The expected output is exactly the lines below, starting at the line with "NOTE: In order" and ending at the line with "Sandnes vägglampa i", both included; no other line belongs in it.

The data

------------------------------------------------

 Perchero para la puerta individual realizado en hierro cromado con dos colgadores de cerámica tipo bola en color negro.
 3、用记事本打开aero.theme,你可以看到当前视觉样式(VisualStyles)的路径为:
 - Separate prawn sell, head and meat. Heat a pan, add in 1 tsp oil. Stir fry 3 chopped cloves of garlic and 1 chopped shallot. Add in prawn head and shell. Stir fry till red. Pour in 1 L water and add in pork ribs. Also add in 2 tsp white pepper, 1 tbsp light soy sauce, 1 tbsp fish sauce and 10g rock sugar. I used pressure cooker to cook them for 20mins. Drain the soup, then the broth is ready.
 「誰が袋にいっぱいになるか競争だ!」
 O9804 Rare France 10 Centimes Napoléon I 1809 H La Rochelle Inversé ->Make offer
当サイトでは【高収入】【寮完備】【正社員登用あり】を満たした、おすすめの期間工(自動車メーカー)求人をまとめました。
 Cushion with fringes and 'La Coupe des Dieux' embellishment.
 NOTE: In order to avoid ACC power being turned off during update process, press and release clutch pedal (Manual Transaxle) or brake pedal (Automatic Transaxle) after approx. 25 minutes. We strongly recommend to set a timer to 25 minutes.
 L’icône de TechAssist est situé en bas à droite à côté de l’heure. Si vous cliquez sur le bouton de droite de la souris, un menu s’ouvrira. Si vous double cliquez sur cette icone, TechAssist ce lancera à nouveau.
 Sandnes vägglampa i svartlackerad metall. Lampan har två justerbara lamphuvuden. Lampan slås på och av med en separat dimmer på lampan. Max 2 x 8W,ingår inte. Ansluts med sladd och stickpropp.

------------------------------------------------

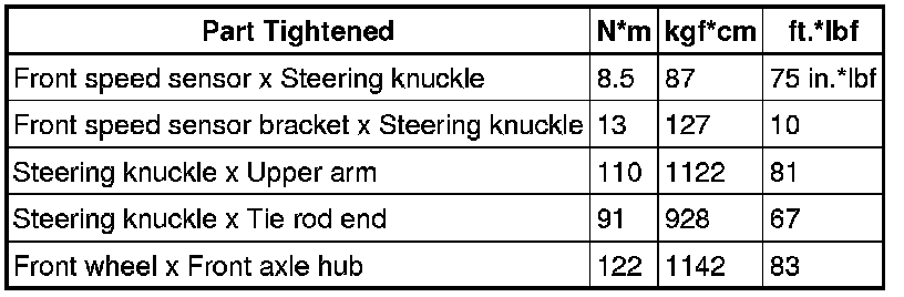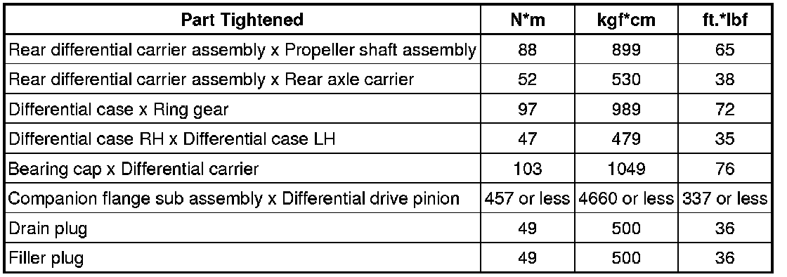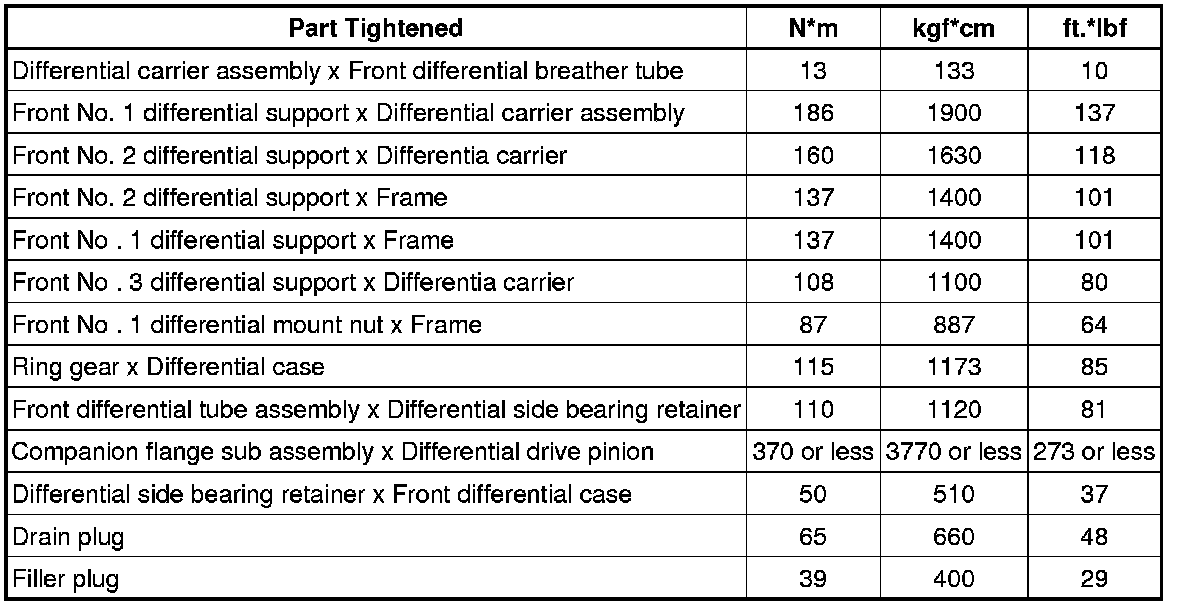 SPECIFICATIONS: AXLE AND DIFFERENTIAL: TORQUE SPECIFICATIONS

------------------------------------------------

Task answer
 NOTE: In order to avoid ACC power being turned off during update process, press and release clutch pedal (Manual Transaxle) or brake pedal (Automatic Transaxle) after approx. 25 minutes. We strongly recommend to set a timer to 25 minutes.
 L’icône de TechAssist est situé en bas à droite à côté de l’heure. Si vous cliquez sur le bouton de droite de la souris, un menu s’ouvrira. Si vous double cliquez sur cette icone, TechAssist ce lancera à nouveau.
 Sandnes vägglampa i svartlackerad metall. Lampan har två justerbara lamphuvuden. Lampan slås på och av med en separat dimmer på lampan. Max 2 x 8W,ingår inte. Ansluts med sladd och stickpropp.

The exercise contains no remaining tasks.